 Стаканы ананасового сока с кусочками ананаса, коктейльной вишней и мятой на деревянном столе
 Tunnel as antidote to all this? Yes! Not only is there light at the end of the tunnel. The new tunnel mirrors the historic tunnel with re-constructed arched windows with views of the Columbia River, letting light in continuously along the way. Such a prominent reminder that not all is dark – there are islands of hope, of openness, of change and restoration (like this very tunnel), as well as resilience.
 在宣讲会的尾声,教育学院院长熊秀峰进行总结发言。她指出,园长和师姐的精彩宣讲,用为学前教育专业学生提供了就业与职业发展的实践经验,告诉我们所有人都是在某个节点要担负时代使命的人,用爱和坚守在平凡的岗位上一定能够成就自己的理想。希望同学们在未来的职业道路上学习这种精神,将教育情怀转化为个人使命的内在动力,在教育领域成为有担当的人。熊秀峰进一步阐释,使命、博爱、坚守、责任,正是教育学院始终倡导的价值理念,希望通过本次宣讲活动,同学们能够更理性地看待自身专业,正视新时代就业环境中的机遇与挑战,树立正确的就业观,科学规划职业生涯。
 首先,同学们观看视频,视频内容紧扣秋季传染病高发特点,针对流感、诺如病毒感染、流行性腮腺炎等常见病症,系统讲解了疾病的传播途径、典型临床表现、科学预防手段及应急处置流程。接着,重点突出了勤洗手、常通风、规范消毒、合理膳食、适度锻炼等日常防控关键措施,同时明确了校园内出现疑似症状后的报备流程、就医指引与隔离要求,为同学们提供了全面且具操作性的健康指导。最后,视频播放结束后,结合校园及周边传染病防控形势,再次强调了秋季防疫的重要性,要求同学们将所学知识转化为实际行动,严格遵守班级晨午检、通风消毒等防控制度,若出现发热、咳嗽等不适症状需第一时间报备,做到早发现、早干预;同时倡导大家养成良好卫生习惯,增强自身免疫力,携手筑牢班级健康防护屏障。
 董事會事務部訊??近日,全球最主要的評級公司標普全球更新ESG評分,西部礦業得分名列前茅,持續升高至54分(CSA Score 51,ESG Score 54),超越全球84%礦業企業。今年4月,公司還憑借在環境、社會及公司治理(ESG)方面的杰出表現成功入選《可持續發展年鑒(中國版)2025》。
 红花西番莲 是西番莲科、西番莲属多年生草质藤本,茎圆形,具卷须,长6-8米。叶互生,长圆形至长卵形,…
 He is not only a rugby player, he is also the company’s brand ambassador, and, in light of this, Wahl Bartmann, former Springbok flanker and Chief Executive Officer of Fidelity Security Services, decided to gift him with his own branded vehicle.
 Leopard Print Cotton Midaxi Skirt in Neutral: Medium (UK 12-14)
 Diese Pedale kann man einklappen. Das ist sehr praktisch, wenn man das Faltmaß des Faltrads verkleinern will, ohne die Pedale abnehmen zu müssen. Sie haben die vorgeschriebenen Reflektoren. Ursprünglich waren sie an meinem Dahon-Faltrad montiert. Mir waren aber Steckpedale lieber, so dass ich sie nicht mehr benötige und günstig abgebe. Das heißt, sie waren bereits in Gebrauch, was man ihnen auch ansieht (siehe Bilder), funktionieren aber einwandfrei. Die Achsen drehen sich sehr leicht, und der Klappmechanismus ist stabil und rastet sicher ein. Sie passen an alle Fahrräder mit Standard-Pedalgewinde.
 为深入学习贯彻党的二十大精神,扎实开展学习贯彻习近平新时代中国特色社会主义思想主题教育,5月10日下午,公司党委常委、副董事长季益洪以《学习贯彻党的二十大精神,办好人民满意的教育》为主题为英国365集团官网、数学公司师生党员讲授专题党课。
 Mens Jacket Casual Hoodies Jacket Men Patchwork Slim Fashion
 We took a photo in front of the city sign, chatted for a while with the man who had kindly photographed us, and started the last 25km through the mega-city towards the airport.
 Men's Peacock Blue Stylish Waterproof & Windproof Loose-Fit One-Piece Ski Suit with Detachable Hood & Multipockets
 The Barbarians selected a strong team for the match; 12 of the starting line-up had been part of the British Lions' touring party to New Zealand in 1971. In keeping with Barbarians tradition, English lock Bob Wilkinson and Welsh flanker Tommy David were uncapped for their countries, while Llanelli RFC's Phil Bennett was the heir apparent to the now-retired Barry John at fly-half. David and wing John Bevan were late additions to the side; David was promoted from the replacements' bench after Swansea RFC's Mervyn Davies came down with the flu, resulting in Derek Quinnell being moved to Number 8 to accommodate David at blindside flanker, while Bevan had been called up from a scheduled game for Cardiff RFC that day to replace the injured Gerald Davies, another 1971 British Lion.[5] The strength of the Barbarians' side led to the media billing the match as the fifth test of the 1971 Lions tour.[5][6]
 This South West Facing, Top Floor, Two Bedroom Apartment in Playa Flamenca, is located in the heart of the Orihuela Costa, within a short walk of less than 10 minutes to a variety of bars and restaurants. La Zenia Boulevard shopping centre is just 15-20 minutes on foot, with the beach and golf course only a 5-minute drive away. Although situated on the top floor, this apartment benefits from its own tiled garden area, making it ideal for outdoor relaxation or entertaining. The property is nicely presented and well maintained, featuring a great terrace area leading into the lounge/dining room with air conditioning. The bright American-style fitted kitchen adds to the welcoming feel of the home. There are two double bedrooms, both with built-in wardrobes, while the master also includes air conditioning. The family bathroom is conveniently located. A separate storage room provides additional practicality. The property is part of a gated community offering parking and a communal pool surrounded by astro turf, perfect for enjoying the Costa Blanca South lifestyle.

********

What you need to do - Find out how many lines of the listing above include the word "light", and give that number alone.

Task response - 2